Ringfort (Rath), Liscoyle, Co. Galway
Co. Galway |
Ringforts
Sitting quietly on a low hill in the pastureland of Liscoyle, this circular earthwork is easy to read wrongly as a natural feature of the landscape.
It is not. What appears to be a gentle rise is in fact a rath, an early medieval ringfort, its concentric banks and ditches engineered to enclose and protect a farmstead, most likely sometime between the sixth and tenth centuries.

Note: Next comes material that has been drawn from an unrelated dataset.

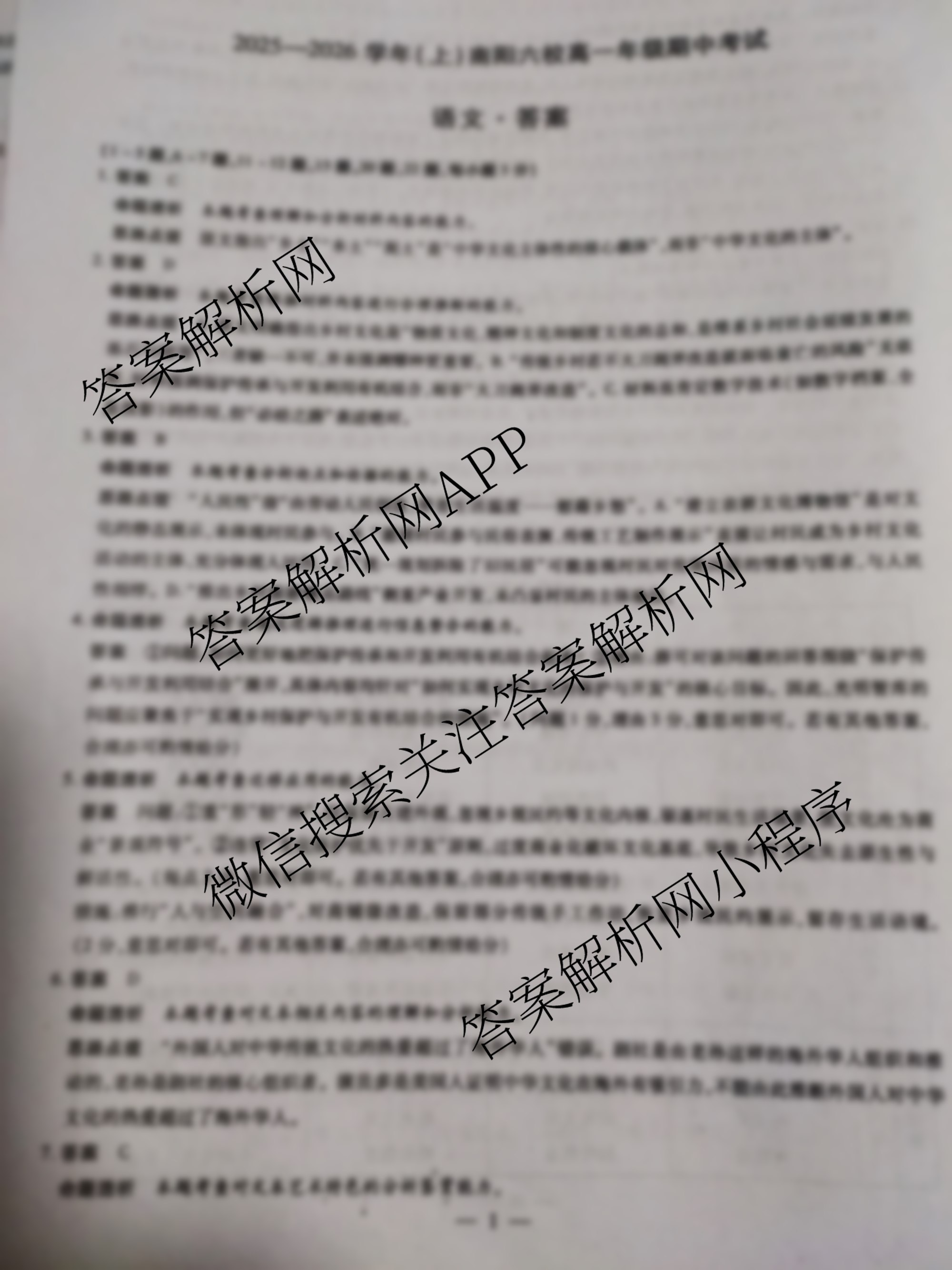 - 2025~2026(天一大联考)学年(上)南阳六校[高一]年级期中考试语文答案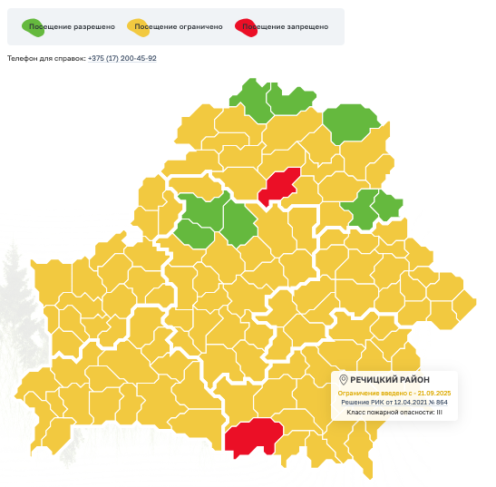 С 21 сентября в Речицком районе введено ограничение на посещение лесов. В связи с угрозой возникновения лесных пожаров вследствие неблагоприятных погодных условий и установившимся III классом пожарной опасности по условиям погоды с целью выявления и пресечения фактов нарушения ограничения посещения лесов гражданами, государственная лесная охрана переходит на усиленное патрулирование территории лесного фонда. “Рейдовые мероприятия будут осуществляться по всей территории Речицкого опытного лесхоза”, – заявили в ведомстве. В период ограничений запрещено разжигать костры в лесах, проводить турслеты, школьные экскурсии и другие массовые мероприятия, заезжать на машинах. Нарушителям запретов грозит штраф – до 12 базовых величин. Если нарушение стало причиной серьезного пожара (была уничтожена или повреждена часть леса), штраф может доходить до 30 базовых.

The structure is a bivallate rath, meaning it was defended by two banks rather than the single bank more commonly encountered across Ireland. Between those banks runs a fosse, the ditch excavated to provide the material for raising the banks above it. At around 45 metres in diameter, the enclosure is roughly typical for a site of this type. The inner bank and its accompanying fosse remain visible all the way around the circuit, which is a reasonable state of preservation for a monument that has been sitting in a working agricultural landscape for well over a thousand years. The outer bank has fared less well; it can be traced from the south-south-east, continuing west and around to the north-west, but from the north-north-west to the north-north-east it has been absorbed into a later field boundary, the kind of incremental loss that erases ringforts gradually rather than all at once. A gap approximately five metres wide at the south-south-east may mark the original entrance to the enclosure, though this is not certain.